Express answer as a whole number.

my attempts:
i said the thresold frequency is = 1 hz
then A's frequency must be =2 hz
then the λ of A = (3.0x10^8m/s)/(2hz)=1.5x10^8m
B's λ is 1/2 of A = (1.5x10^8m/s)/2 = 0.75 x 10^8m
B's f is = (3.0x10^8m/s)/(0.75 x 10^8m) =4hz
i used the equation ΔEA=1/2mu^2 ΔEB=1/2mu^2 (i cancled m from noth equations)
ΔEA=1/2u^2=hv
$\sqrt{}hv/0.5$=u
for A = $\sqrt{}(6.62x10^-34)(2)/(0.5)$ = 5.14x10^-17m/s
i repeated the same thing for B (i used 4 hz for B) = i got 7.2x10^-17 m/s
its asking for the difference in speed
(7.2x10^-17)-(5.14x10^-17)=2.06x10^-17m/s
I'm no near the answer $\sqrt{}3$

 

[Simon Bridge]

my attempts:
i said the thresold frequency is = 1 hz

why choose 1Hz? Why not just leave it as $\nu_{thresh}$ or $\nu_0$ or something?

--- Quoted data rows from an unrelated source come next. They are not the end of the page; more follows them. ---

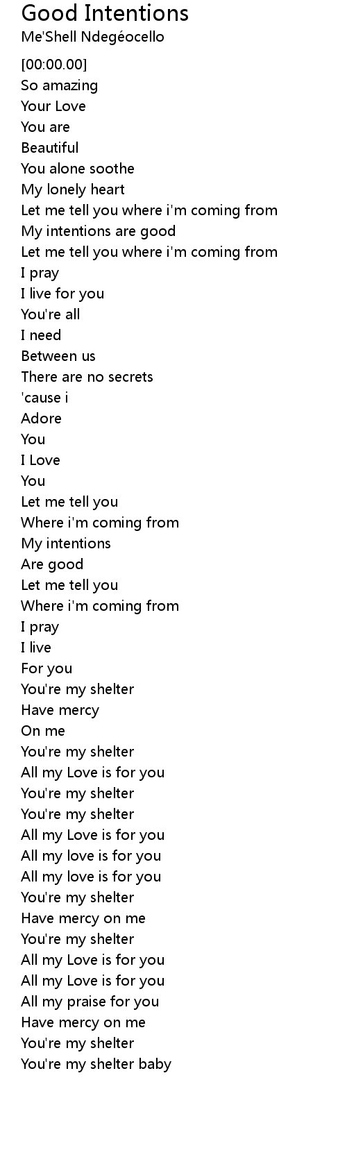 | [01:02.27] | My intentions are good |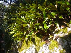 岐阜城資料館も見学したのち、山頂駅へ戻る。頂上稜線は岩場が続き、よくまあこんな険しい山上に城を築いたものと思う。岩場には青々とシダが茂り、後日調べるとヒトツバという種類らしい。ますます人出が多くなるなか、山頂駅に着いてロープウェイで下る。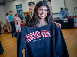 A smiling female student holds up a Montclair State University sweatshirt.

then A's frequency must be =2 hz
then the λ of A = (3.0x10^8m/s)/(2hz)=1.5x10^8m
B's λ is 1/2 of A = (1.5x10^8m/s)/2 = 0.75 x 10^8m
B's f is = (3.0x10^8m/s)/(0.75 x 10^8m) =4hz
i used the equation ΔEA=1/2mu^2 ΔEB=1/2mu^2 (i cancled m from noth equations)
ΔEA=1/2u^2=hv

Doesn't this mean that all the energy of the incoming photon goes to the kinetic energy in the ejected electron?
Doesn't the work function have a say in this?